**WHAT THE TASK REQUIRES:** Output the line that contains "智东西2月3日报道,刚刚,腾" together with each line after it, through the final line of the listing below, word for word; omit pictures.
=-=-=-=-=
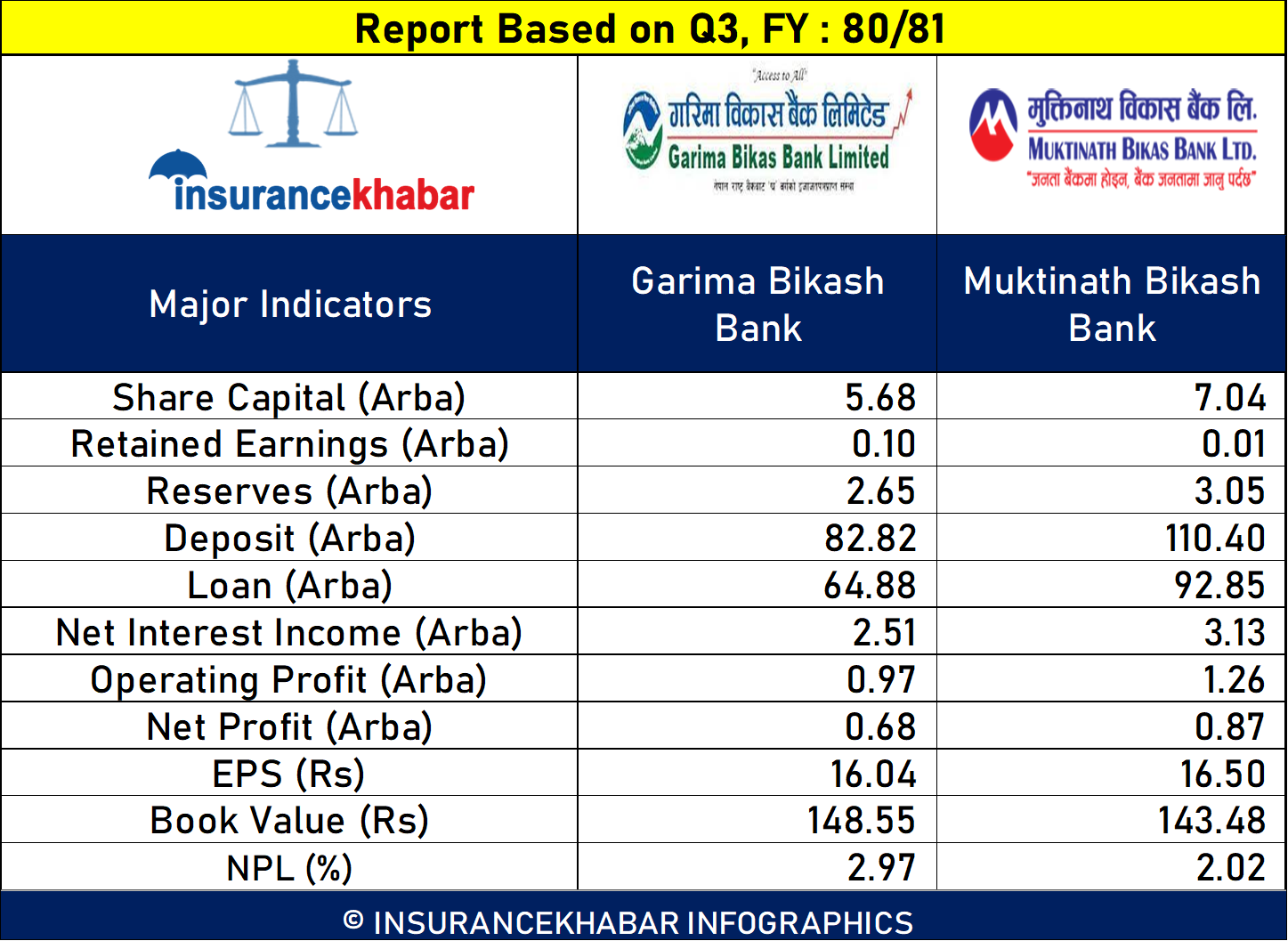 खुद मुनाफा : आर्थिक वर्ष ८०/८१को तेश्रो त्रैमासको वित्तीय विवरणको आधारमा गरिमा विकास बैंक लिमिटेडले ६८ करोड खुद नाफा गरेकोमा मुक्तिनाथ विकास बैंक लिमिटेडले ८७ करोड खुद नाफा गरेको छ ।
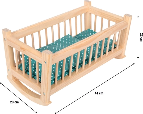Deze natuurlijke houten wieg is een ideale aanvulling voor de kinderkamer en het poppenhuis. Het stabiele wiegframe zorgt voor een gelijkmatige schommelbeweging die poppen en pluche vriendjes tot 39 cm kalmeert. De bijpassende textielset in subtiel design biedt maximaal comfort.
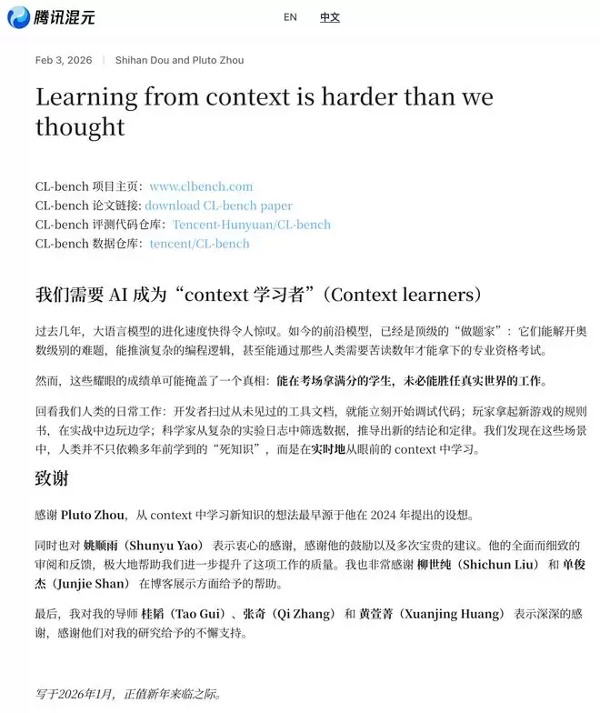 智东西2月3日报道,刚刚,腾讯混元官网上线姚顺雨团队最新成果,发布了专门评测大语言模型能否从上下文(Context)中学习新知识并正确应用的基准CL-bench。
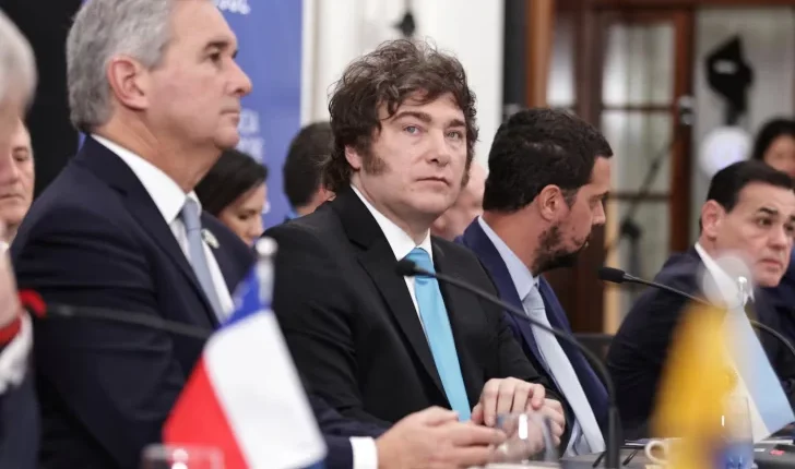 “La Argentina saluda la presión de los Estados Unidos y Donald Trump para liberar al pueblo venezolano. El tiempo de tener un acercamiento tímido en esta materia se ha agotado”, sostuvo Milei ante los líderes del bloque sudamericano.
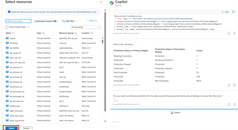 With Resiliency Copilot, you can check for the protection status of your Azure resources in the Azure portal using natural language directly. The Copilot retrieves information about your resources and their protection status and guides you through the relevant processes.
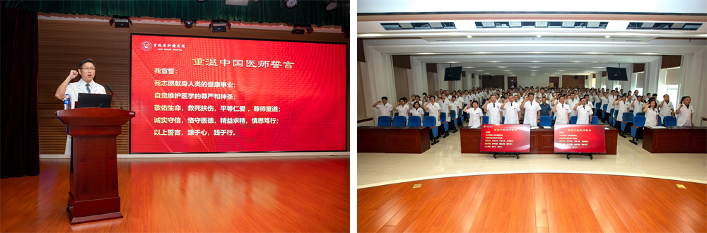 随后,在院长王茂楠的带领下,全体参会人员起立诵读《中国医师宣言》,展现了医者对职业的庄严承诺和坚定信念。
=-=-=-=-=
**WRITTEN RESPONSE:**
 智东西2月3日报道,刚刚,腾讯混元官网上线姚顺雨团队最新成果,发布了专门评测大语言模型能否从上下文(Context)中学习新知识并正确应用的基准CL-bench。
 “La Argentina saluda la presión de los Estados Unidos y Donald Trump para liberar al pueblo venezolano. El tiempo de tener un acercamiento tímido en esta materia se ha agotado”, sostuvo Milei ante los líderes del bloque sudamericano.
 With Resiliency Copilot, you can check for the protection status of your Azure resources in the Azure portal using natural language directly. The Copilot retrieves information about your resources and their protection status and guides you through the relevant processes.
 随后,在院长王茂楠的带领下,全体参会人员起立诵读《中国医师宣言》,展现了医者对职业的庄严承诺和坚定信念。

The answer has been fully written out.